= Helen of Sinope =

Helen of Sinope was a daughter of the Bekiary family in 18th century Sinope, in modern-day Turkey. She was a virgin martyr and is commemorated by the Eastern Orthodox Church on 1 November.

==Life and Martyrdom==
Helen was a 15-year old Greek Christian, living with her family in the Christian enclave at Sinope. One day her mother sent her out to buy embroidery thread from a shop in Kryonas. Ukuzoglu Pasha, the Ottoman Turkish governor of Sinope, saw her in the street and ordered for her to be brought to his residence. Ukuzoglu then attempted to rape her two or three separate occasions, but was pushed back by an unseen force. After this happened, Helen escaped and returned home.

Ukuzoglu then summoned the Sinope Council of Elders and threatened the Christian community of Sinope with death, unless Helen was brought to him. The Christian leaders gathered at the Greek School of Sinope and persuaded Helen’s father to return her to the Ukuzoglu, who unsuccessfully tried to rape her repeatedly. Throughout this ordeal, Helen recited the Six Psalms and other prayers. Ukuzoglu then sent Helen to prison, where she was tortured and killed by having two nails driven into her skull and then being beheaded.

==Body and Relics==
After her death, the jailers put Helen's body in a sack and threw it into the Black Sea. However, the sack floated away with what was described as a heavenly light shining on it. The body floated until it reached Geai, where it sunk at the bottom of the sea.

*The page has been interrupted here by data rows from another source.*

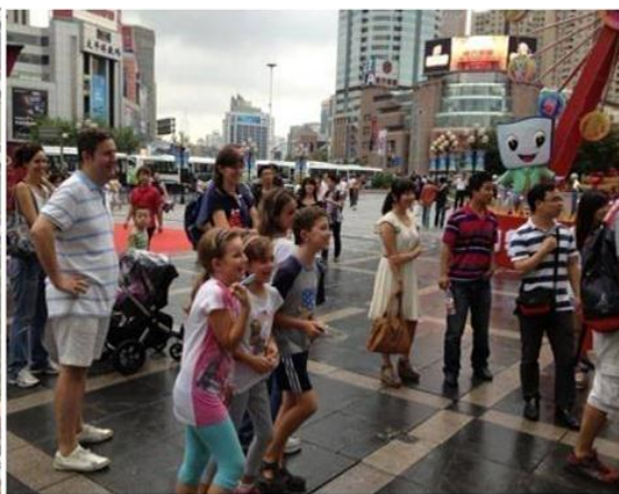
休闲的消费人群参与互动游戏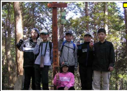
12:25 学校山(6/24)着。視界はない。鳥川小の裏山にあたる山。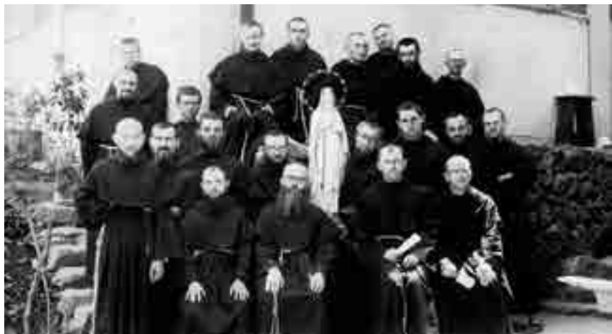
A mugenzai no seibo no sono, Japon.

médiatique avait démarré avec deux frères religieux et il diffusait une lettre d'information d'un tirage de 5000 exemplaires. En 1939, à la veille de la Seconde Guerre Mondiale, la communauté religieuse forte de 762 moines faisaient fonctionner une gigantesque maison d'édition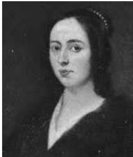
Anna Maria van Schurman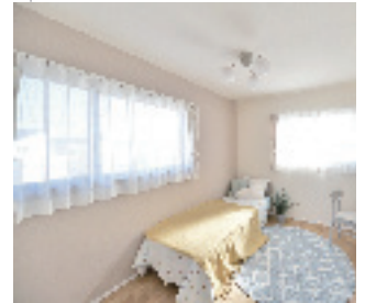
↑2面彩光の明るい居室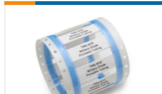
TE 产品编号9422810001 TMS-SCE Military Grade Sleeves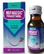
HUFAGESIC 120mg/ 5mL Syrup Analgesik Antipiretik & Anti Inflamasi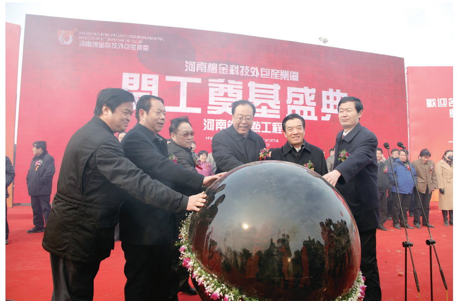
郑州市委副书记、市长马懿，郑州市人大常委会主任白红战，郑州市政协主席李秀奇，郑州市委常委、统战部部长王跃华，动河南杨金科技外包产业园项目水晶球。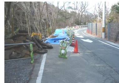
(府道54号/路肩崩落の復旧工事)

新型コロナウイルス感染症 拡大防止の行動を 新型コロナウイルス感染症の急激な感染拡大を受け、亀岡市も含む京都府下全域に緊急事態措置が、現在も継続して実施されています。 医療機関への通院、食品や生活必需品の買い出し、必要な職場への出勤、野外での運動や散歩など生活や健康維持のために必要な場合を除き、原則として外出しないようにしましょう。 特に、午後八時以降の不要不急の外出自粛を徹底してください。 一人ひとりの理解と行動が、今の感染拡大を抑えるために求められています。ご自身やご家族、大切な方の命を守るために、ご理解と行動をお願いします。 もし発熱等の症状がある場合は、必ず電話でかかりつけ医に相談するか「きょうと新型コロナ医療相談センター」へ問い合わせ、指示に従って検査、診療をしてください。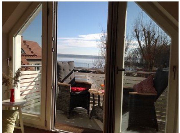
Entspannung mit Blick auf den See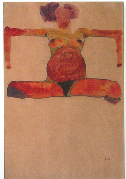
Titelbild: Egon Schiele, 1890 – 1918 Sitzender schwangerer Akt mit gespreizten Armen und Beinen, Aquarell und schwarze Kreide auf Papier, 44,8 x 31,1 cm Galerie Kaiblinger - Wien Seite 14 - 20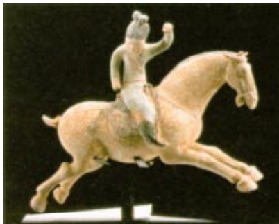
Jeune femme joueuse de polo se préparant à frapper la balle. Dynastie Tang, VIII e siècle av., Musée national des arts asiatiques Guimet, Paris.

de notre ère), généralement considérées comme les sommets de la culture chinoise ancienne, le statut des femmes fut inférieur à celui des hommes et la pratique des pieds bandés empêcha toute activité physique vigoureuse. La littérature précise, cependant, que les femmes dansaient et que certaines excellaient dans l'art du sabre. 9 La sculpture pour sa part montre des femmes dansant et jouant de la musique, tandis que d'autres pratiquent un jeu de balle au pied, connu sous le nom de cuqiu , et à une forme de polo appelé jiqiu . 10 (illustration ci-dessous). La littérature enseigne qu'un jeu, connu sous le nom de Ch'iu Ch'ien (ressemblant beaucoup à un déhanchement d'enfant), était devenu très populaire au sein des dames de la cour impériale de la dynastie Han. 11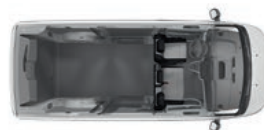
FURGÓN 6.1 m 3 1,400 kg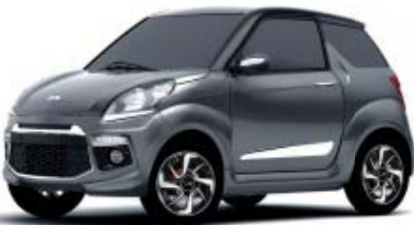
JS50 GRIGIO GRAFITE, TETTO NERO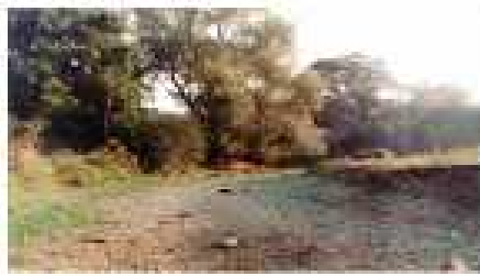
Степовий річка Тетюсарівка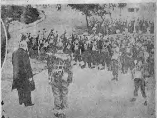
Churchill, el dinámico primer ministro inglés, gusta de las inspecciones porque así se pone en comunicación con los que luchan por la Gran Bretaña. Durante su visita a la zona sur fué ovacionado por las tropas acattonadas en determinado lugar.

TOKIO, 14. UP. — Renunció el Ministro de Marina Almirante Yoshida quien se halla enfermo y ha tenido que ser internado en un hospital.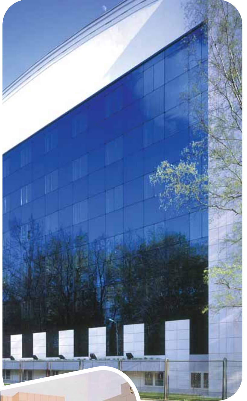
Pilkington Eclipse Advantage® Arctic Blue

• Fabrika stokundan hızlı bir şekilde gönderilir.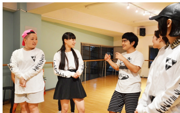
フラッシュモブ「まゆ毛太い」動画撮影の様子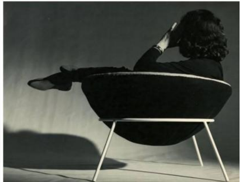
Lina Bo Bardi, Bowl chair, 1951. Sopra: disegni di progetto. Sotto: veduta della poltroncina BC in pelle nera e Lina stessa seduta su uno dei due esemplari realizzati per la sua casa di San Paolo.

Intanto, nel 1950 aveva fondato con il marito la rivista quadrimestrale Habitat , diretta da entrambi, incentrata sul tema delle arti e della cultura del Brasile e anche sulle sue riflessioni intorno al Modernismo.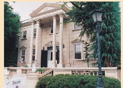
D-6欧風建物の喫茶店 宮殿風の建物で、全体的にしっかりと造りこまれ、雰囲気の良いデザインとなっています。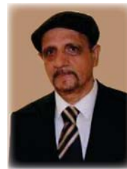
● بإسلاف الجراح

وأضاف الجراح أنتجت في السنوات الأخيرة عشرات من الأعمال الموسيقية والغنائية، التي لم تثر التوسيع الأعمال التي تعرضت له. وفي الختام تأمل الجراح وزارة الثقافة ووزارة الفنون الموسيقية باعتماد أعماله لتشرها وإيصالها إلى جيل الشباب الواعد، فأثارت العزاف في زاخر بالكثير.

According to Orthodox Resources, a light coming from the bottom of the sea alerted a crew of Greek sailors to Helen's resting place. Expecting to find gold, the sailors dove down to the source of the light and found the sack. After they retrieved her remains, a divine revelation showed them to be a source of healing.

Helen's body was sent to Russia, but her head was returned to Sinope, where it was venerated in the Church of the Panagia. The relic was said to be a source of miracles, especially for those suffering from headaches. After the Greek genocide and population exchange, the Greeks of the city were driven away in 1924, but the leader of the community, Christos Kafaropoulos, brought the relic with them to Greece. It is venerated today in the Church of Saint Marina in the Ano Toumbas quarter of Thessaloniki.